What's the point of climbing Everest?
I have never entirely understood the point of climbing mountains. Mallory's famous old line (if he ever really DID say it) that he wanted to climb Everest "Because it is there" has never seemed to me quite enough. All kinds of things are "there" in the world, which we dont feel the need -- or think it worthwhile -- to conquer. Without want to pour cold water on the efforts of Ben Fogle, swimming the Atlantic has never been top of most people's "wish I could" list, and we would take it as a curious obsession if we met someone who wanted to climb every tree in the country (because they were there). For many people mountains are obviously different (climb every mountain?) and I wouldnt for a minute want to stop then doing it -- but it's not for me.
This may have something to do with the fact that both my parents were passibly keen mountaineers and rock-climbers. And I was dragged up many a Welsh peak at too early an age. It was the cost-benefit analysis that I couldn't ever quite figure. When you had done it, what did you actually get out of it? My Dad would always enthuse about "the view", but not many under-10s are great admirers of mountainous panoramas. Although the parents decried it as desecration, I rather liked Snowdon, because there was at least a café when you got to the top -- though equally I could never really see why we couldnt have taken the little train to the summit.
Add to that a few nasty fatalities among the parents closest friends (from "falling off"), and I think you'll understand why I'm none too keen.
Anyway this all came back to me this week -- as we were "celebrating" the 60th anniversary of the Ascent of Everest.
My Mum and Dad were quite good friends with some of the successful "ascent team", so I heard rather a lot about it all from them.
Even then I remember being puzzled at why the man who went up the mountain with Hillary didnt seem to have a proper name: I decided that Sherpa Tenzing (as he always was then called) might be the Nepalese equivalent of Corporal Jones, but that didnt seem to fit with all that talk about "the Sherpas" as if beasts of burden.
Now we listen to all the old footage again, the imperial style of the expedition and the reporting is perhaps the most striking thing of all -- and only 60 years ago.
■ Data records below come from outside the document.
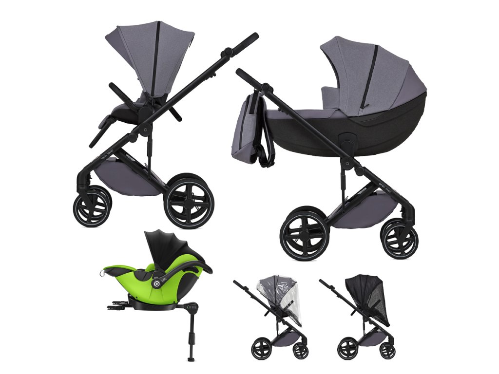 Obsahuje: korbičku, sportovní část, zvyšovací adaptéry, elegantní batoh, pláštěnku, moskytiéru, madlo. Součástí kočárku je také autosedačka Kiddy Evoluna i-size 2 spolu s isofix základnou.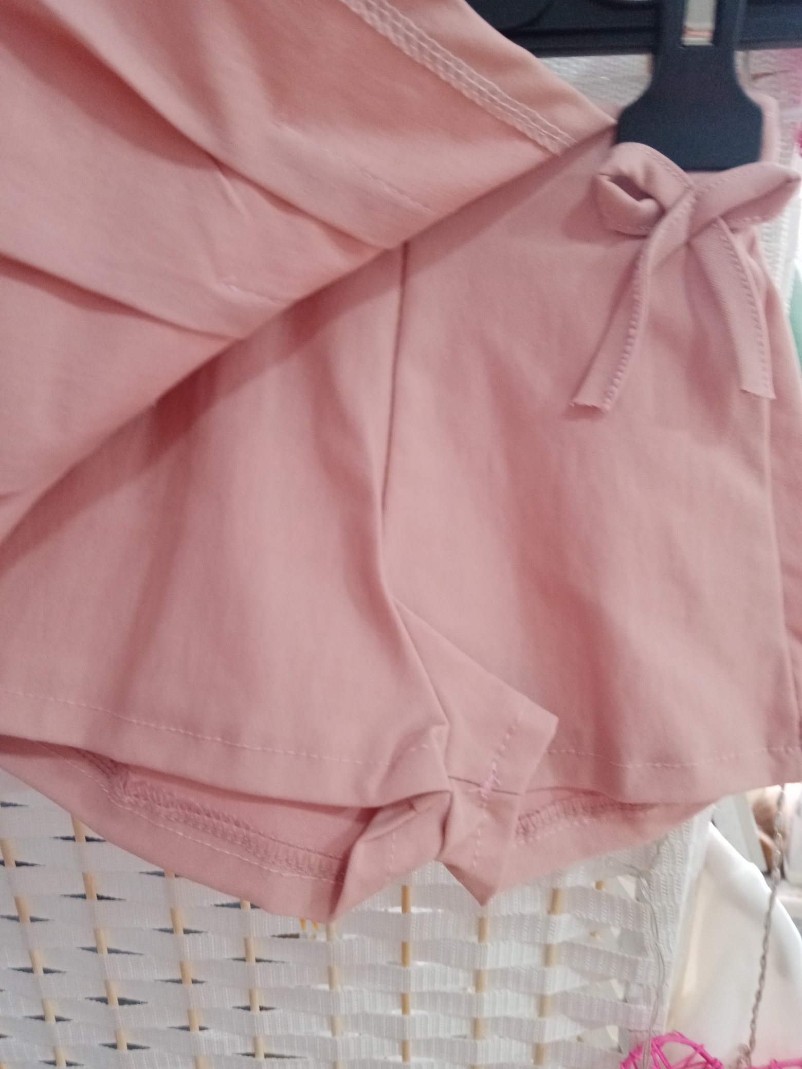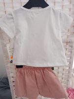 Conjunto de t-shirt de manga curta com um estampado, saia calção com um laçinho tem pregas à frente e tráz e cintura elástica.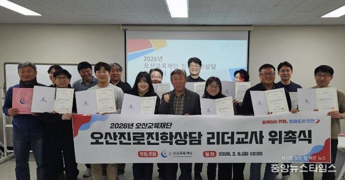 이번에 위촉된 리더교사들은 2026년 한 해 동안 오산 지역 청소년의 진로·진학 성장을 지원하는 전문 인력으로 활동하게 되며, 재단은 이를 통해 학생 개개인의 진로 탐색부터 진학 준비까지 체계적인 맞춤형 지원을 제공할 계획이다.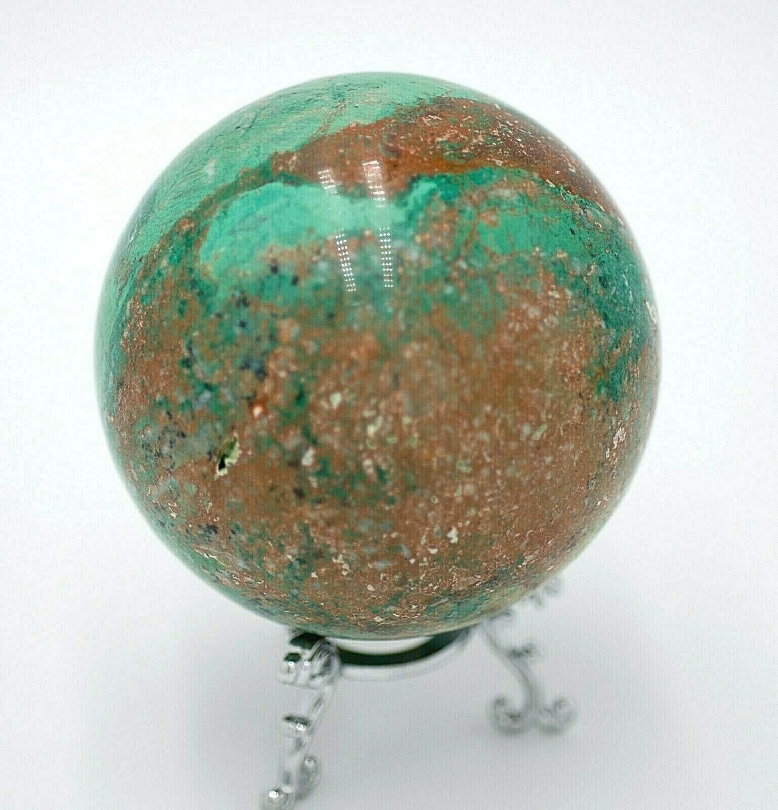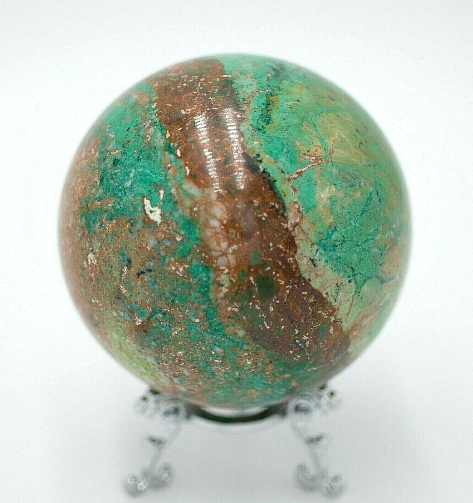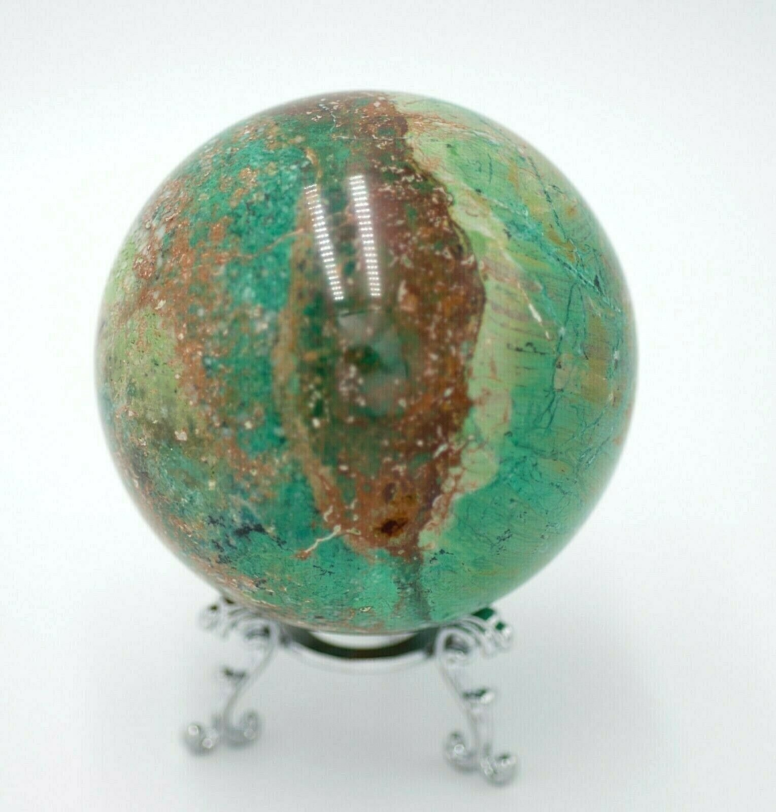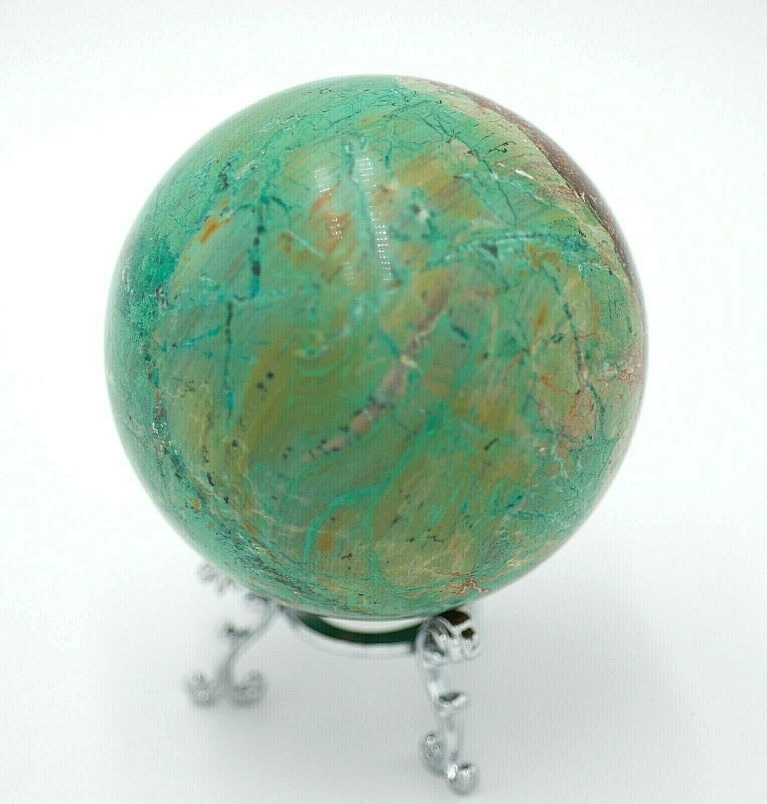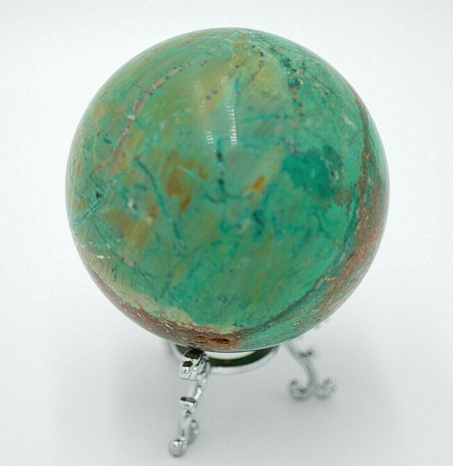 This is a large spectacular sphere of Chrysocolla, Malachite, Jasper and Ironstone. Its hard to get rough material to make this size as it can be very fragile and tends to shatter. The patterns of this are amazing.

It's an exact stylistic match for a letter I found among my long dead Mother's papers. It's from Charles Evans, who was the deputy on the Everest expedition, written a couple of years later, after he had led the successful ascent of another Himalyan mountain, Kangchenjunga. It's typed with a red ribbon, on one of those old-fashioned aerogrammes, and this is was it says:
"Dear Roy and Sarah,
Just a line of greeting, which was meant to have been written to you high on the mountain, but I forgot the letter cards when I moved up myself.
You'll have heard by now that it is climbed. It was done twice on the 25th and 26th. Just to show the world that we had plenty of punch, and now everyone is down safely off it. The proceedings have however unfortunately been marred by the death of a Sherpa from cerebral thrombosis, a nice friendly chap and good worker, and the Sherpas view is 'We got the mountain', 'the mountain got one of us' . . .It is of course true that his death was a consequence of his being high, or most probably so.
We are recovering -- eating and resting -- should be in Darjeeling about June 10th, when most chaps seem to be going to the Alps. All the best
Yours ever, Charles."
I have no doubt that climbing this mountain (twice) was a tremendous feat of stamina, effort, bodily exertion and organisation. I also have no doubt (from everything my parents said) that Charles Evans -- a doctor, who went on to become a University Principal -- was a nice guy. But all the same there's something uncomfortable about the words, or at least of another era.
The bit that gets me is when he says that "everyone" is safely off the mountain -- and then you discover that "everyone" didnt include the dead, nameless Sherpa.